見出し画像

業務プロセスにおけるラストワンマイルを最適化するとは

こんにちは、大手町くずろうです。

本日は、「業務プロセスにおけるラストワンマイルを最適化するとは?」について考えてみたい。

一般的に業務というものは、複数のベンダーから提供されるサービスを利用して運営されていることが多い。各サービスは、複数ユーザーへの展開を前提としているため汎用性は高いが、柔軟性は低い。更に、その汎用性故に各社の業務を完全にはカバーできないため、隙間領域(その大きさは各社によって異なる)が生じる。ここがITとして検討すべき業務プロセスにおけるラストワンマイル(SIerにとってのビジネス領域)となる。
 ここで立場が異なる2つの視点から、ラストワンマイルを最適化する際の課題を挙げてみる。

業務担当者の視点

業務要件の変化に応じて、期限までに正確に業務ツール等のシステム化対応や自動化対応をして欲しいと感じている。しかし、期限の短さや業務内容の複雑さから、社内IT部門より完全なものが提供されることは難しいことも理解しており、まずは業務遂行可能なものであればよいと妥協している。コストの妥当性は判断できないため、IT部門の判断に依存している。また、システム化や自動化の要望を挙げても、すぐには対応されないケースも多い。その場合には、手軽にプログラミングできるMs-ExcelやMs-Access、あるいは最近ではUiPath等のRPAプロダクトなどを利用してツールを作成することがある。ツールの品質は作成者のスキルに依存するが、現状の業務を第一に考えると、やむを得ないという結論になる。これらツールは、しばしば当初の想定に反して長期にわたり運用されるが、担当者の異動等に伴い、仕様が不明なものとしてIT部門に報告される。

IT担当者の視点

 複数のベンダーから提供されるサービスやそれを取り巻く周辺の業務ツール等の社内システムは、その運用の中で追加・改善要望が蓄積されていくが、これらの要望に効率よく対応するため、出来るだけまとめて対応したい(即応しない)。現状業務への影響は絶対に回避する必要があるため、コストよりも品質を重視するケースが多い。また、業務ツール等のシステム対応や自動化の要件については、業務部門より提示してもらうか、業務部門の協力を得て把握する。しかし、実際に業務を対応していないIT担当者が業務全体を俯瞰して体系的に要件を把握し、イレギュラーケースをも想定することは困難である。そのため、開発を行う際には前提となる制約を設け、さらに想定外対応のためのリスクバッファを積むという方法を取らざるを得ない。
 業務部門が突貫工事的に作成した業務ツール等のシステムに対しては、IT部門として責任が持てないため、ユーザー責任ということを明確にする。何らかの理由によりIT部門で業務ツール等のシステムを引き取って管理する場合、仕様の文書化などで対応するが、言語や方式の統一性が無いため、その後のメンテナンス性は低下する。

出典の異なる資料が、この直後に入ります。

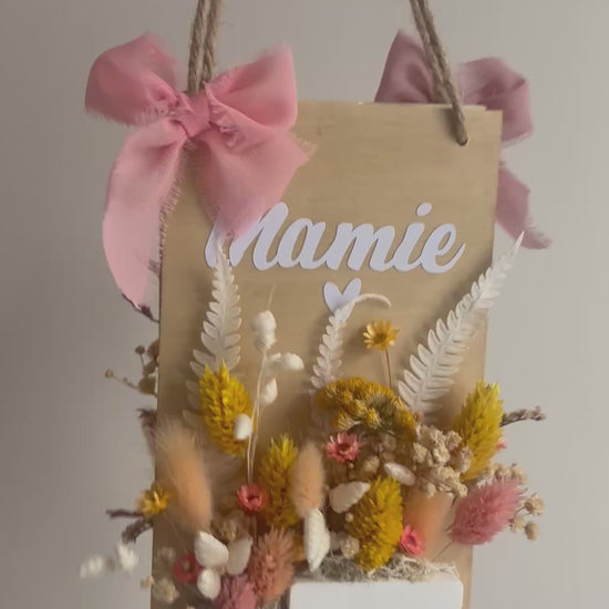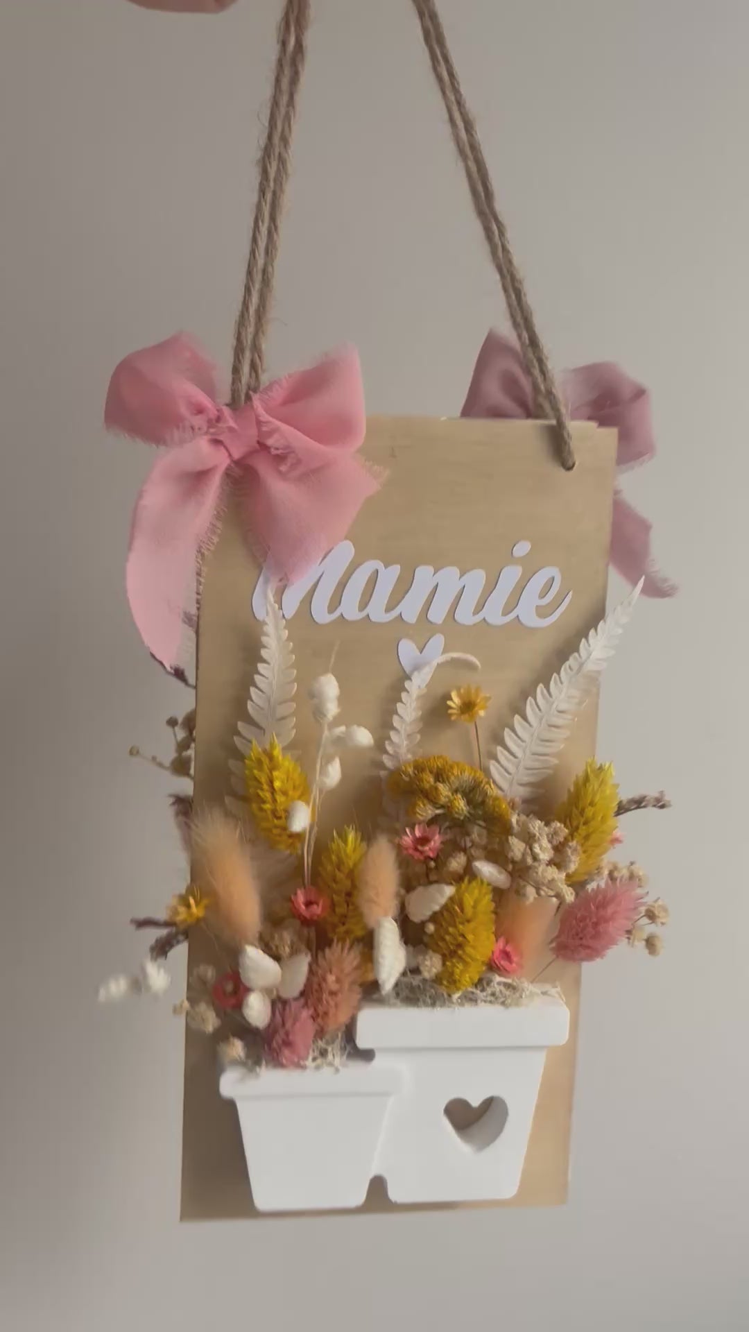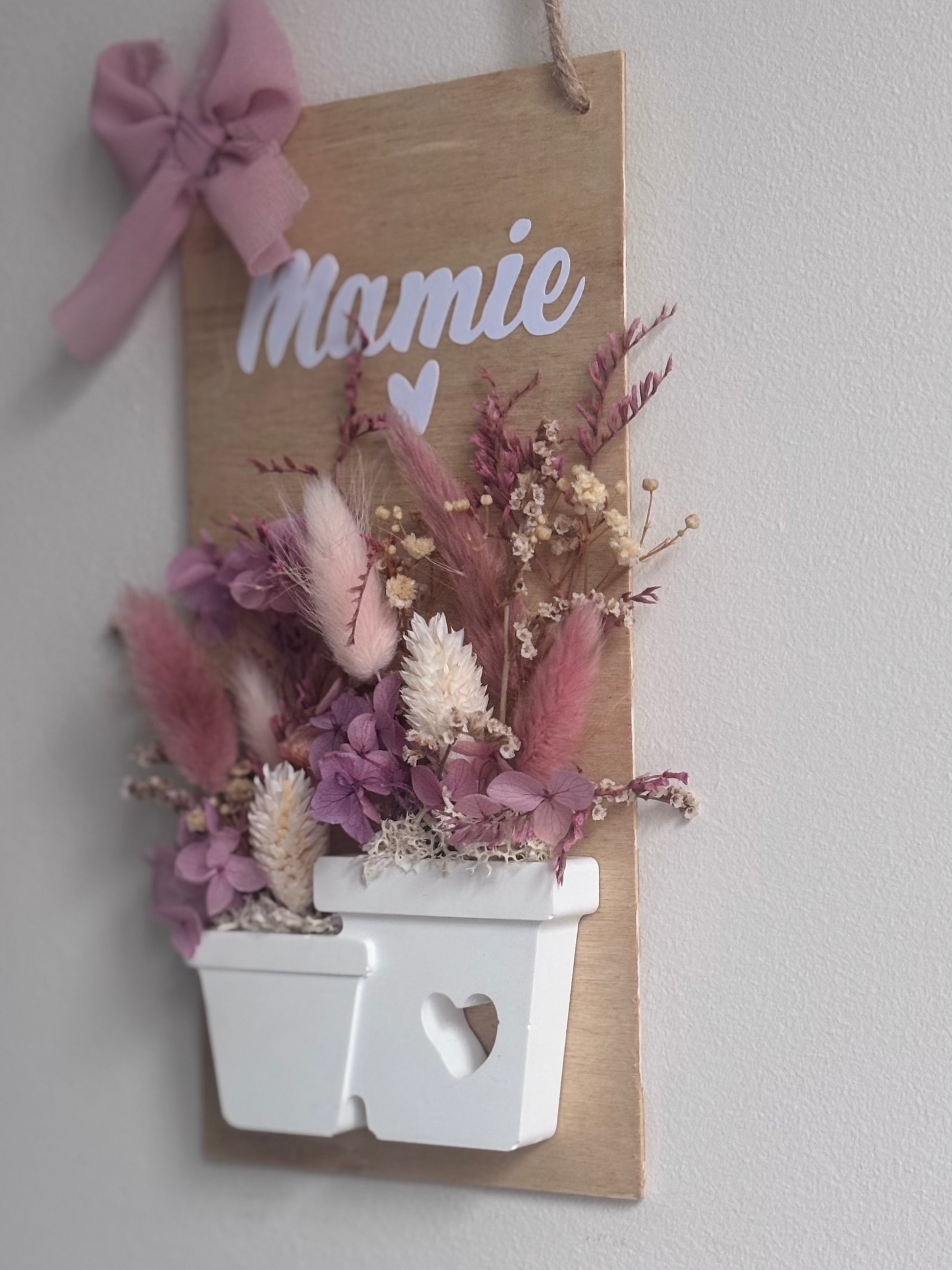 Réalisée sur une plaque en bois au format vertical (20cm de haut sur 10cm de large), elle est ornée de fleurs séchées soigneusement sélectionnées dans les tons vieux rose, mauve et crème ou dans les tons jaune, orangé et rose. Déclinables dans d'autres tonnes au choix pour se prêter dans chaque intérieur.

業務ツール等のシステム化対応や自動化対応フローを見直す

上記は、複数のベンダーから提供されるサービスやそれを取り巻く周辺の業務ツール等の社内システムの利用部門と提供部門、それぞれの視点の一例であるが、これだけでも様々な課題が存在することが分かる。今回は、これらの課題のうち、業務要件を把握することが難しいという点に着目し、解消するための対応について一つの考え方を示す。
 システム開発では以前から、ウォーターフォール開発といって、業務要件・システム要件を設計した後、前工程に戻ることなく順次機能を開発・テストするという方式が存在する。これらは、システム構築者が明確に要件を決定できるようなシステムには適するが、業務プロセス全体の内容理解が必要で複雑かつ変化が多いラストワンマイルのシステムには不向きである。
そのような場合にはどのような方法が効果的か、続いてその方法論について延べる。

試作開発と正式開発

 業務部門のシステム利用者すら、実際に使ってみないと要件を明確に出来ないようなシステム化や自動化には、業務担当者が中心となってIT担当者とペアを組み試行錯誤のアジャイルな開発を繰り返すことが効果的である。この試作開発では、機能要件の洗いだしを行いながら、短期間で実装を行う。あわせて、正式開発を行うかどうかの判断の機会を当初から設けておき、必要に応じて品質目標・機能範囲・汎用性などを考慮して正式開発を行う。なお、正式開発に向けての判断としては次のようなパターンがある。
1)正式開発は行わない デメリット(そのシステムやツールが利用できなくなった場合の業務リスク)を理解しての判断とし、次回の判断ポイントのみ決めておく。
2)正式開発を行う 正式開発のコストが発生するが、メリット(IT部門によるメンテナンスを可能にすることで持続的な業務ツールとする)との比較をした上で、正式開発に移行する。
 このような、正式開発の前に試行開発の工程を置く方式は、一見遠回りをしているようでいて、結果的にはロスなく最短で目的を実現できる一つの解決策となる。とはいえ、なにひとつ目新しい内容はないし、極めてあたりまえの話であり、とてもお恥ずかしい、笑。


この記事が気に入ったらサポートをしてみませんか?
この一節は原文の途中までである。